The condition of distinct curves of maximum amplification rate, however, enables to always determine which is the most unstable pattern mode, as it is illustrated in Fig. 5.

Fig. 5
figure 5

Growth rates of the coupled eco-hydrodynamic problems for different pattern modes, m, according to different values of the aspect ratio \(\beta\). Additional parameter values are equal to those in Fig. 3. a Growth rate trends for \(\beta =22\); b growth rate trends for \(\beta =\beta _{cr}(m=3)\); c growth rate trends for \(\beta =30\)

Figure 5 shows the values of the real part of the vegetation eigenvalue versus the wavenumber for \(Fr=0.3\), \(\phi _0=0.25\), \(\phi _m=50\) and \(\beta =22\) for panel a), \(\beta =\beta _{cr}(m=3)\) for panel b), and \(\beta =30\) for panel c). Actually, the three subplots of Fig. 5 are three horizontal cuts of Fig. 3 for the aforementioned \(\beta\) values. The three examples demonstrate that for every set of values of the relevant parameters it is possible to determine which mode of instability, 1, 2 or 3, has the larger growth rate. Figure 5 shows again the consequence of distinct curves of maximum amplification rate and first mode unstable region not containing unstable regions of higher mode (Figs. 3, 4). Indeed, there is a region of the parameter space where the instability mode 2 only is unstable and the instability mode 1 is stable (see Fig. 5b, \(2.4 \le ks \le 3.5\)); similarly there is a region in which the pattern mode 3 is unstable and patterns mode 1 and 2 are stable (see Fig. 5c, \(4.0 \le ks \le 4.6\)).

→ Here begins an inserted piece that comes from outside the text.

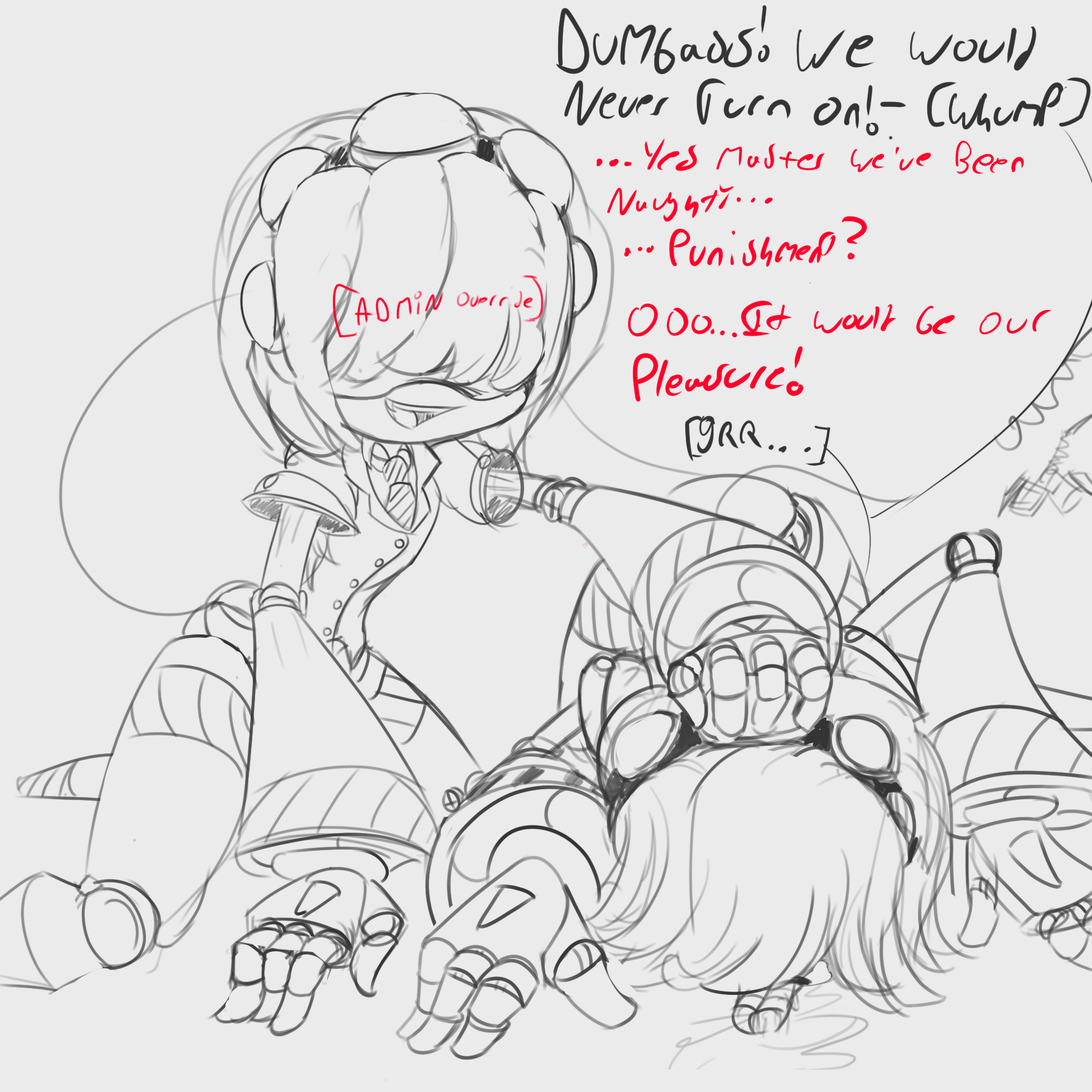 >>316036 >Elf found herself on a slab of concrete >After straining herself too much her body had nearly failed her >She looked up and saw a human >Anon looked at Elf, despite being a normal drone technician his hyper fixation on sentinel drones had paid off. >Elf’s programming compelled her to cover herself. However, despite her chassis’ best efforts her arms and legs wouldn’t budge >Elf’s screen blushed brightly >With a sudden spasm of motion Elf jerked herself away >Anon, didn’t really know what to say or do but he acted anyway. “Elf, you had your right sensor shot through….” >Anon flinched back as a sudden wave of heat hit him and Elf vanished from view >He could smell her electronics burning up >Before he could drench her in cool oil, Elf’s Vail had failed >Her claws were dug into the concrete and her somehow functional tail was slowly constricting itself on some jutting rebar >”No! Get away from me or I’ll cut you with my tail” Elf’s eyes were hollow; she had pulled herself away from anon. >Avre emerged from her dugout >She pushed Anon aside and stepped forward >Her stress lines had almost burned themselves into her monitor >”Elf, Anon doesn’t bite” A pure yet forced smile formed on the surface of Avre’s mouth. >”And if he does, we’ll make sure he won’t be able to again. :>” >The surrounding humans made way for the drone as she went straight for anon >Anon grasped in pain as Avre punched him >Elf’s eyes were hollowed but she couldn’t stop herself from chuckling. A small smile was quick suppressed by her > Her head was tilted away from the others >”that shows him…” shame she couldn’t do it herself >Elf gulped as her eyes closed. She tried to dig her claws further, but her body was too weak >Deep down she had feared it would come to this. >All that time preparing for the perfect moment to strike >All the effort making sure she wouldn’t be expecting a thing >Only for the death of the last thing standing between her and real freedom >To hinge on a human tending to her most intimate parts >Elf diverted all the power she could to any system but her sensors >Despite this she looked straight at Anon as she spoke >”Go ahead”

This shows again the difference with respect to sediment bar modes: in the classical bar morphodynamics if mode 2 is unstable also mode 1 is unstable, as well as if mode 3 is unstable also modes 1 and 2 are unstable [Ali et al. 1, among others].

5 Conclusion

In this work we presented a linear stability analysis of 2D eco-hydrodynamic problem to identify the threshold conditions for the formation of self-organized patterns of patches of vegetation in straight channels. In particular, we investigated spatial patterns associated to higher order transverse structures, such as central or multiple row patches. The main conclusions can be summarized as follows:

  • Instability and self-organization occur when both the Froude number and the aspect ratio are higher than a given threshold. As in the classical linear-stability analyses, this threshold increases linearly with the transverse mode. As an example, the formation of central type of patterns (mode = 2) might be expected in channels having a Froude number higher than about 0.3 and aspect ratio greater than about 15, depending on vegetation properties.

  • The most unstable longitudinal dimensionless wavenumbers are in the order 1 indicating a longitudinal spacing of about 3 times the channel width;

  • Instability presents an upper bound for higher vegetation densities; thus, self-organization will likely not occur in those vegetated channels subject to a dense cover such as in the case of invasive species. In the case of Froude number of 0.3 and aspect ratio of 30, we found that the upper limit is in the order of 0.3, for given vegetation properties.

Future developments might regard field monitoring of aquatic vegetation in lowland rivers to provide further quantitative evaluations of the parameters (such as decay, diffusion and growth coefficients) that enters the equation describing the dynamics of vegetation density.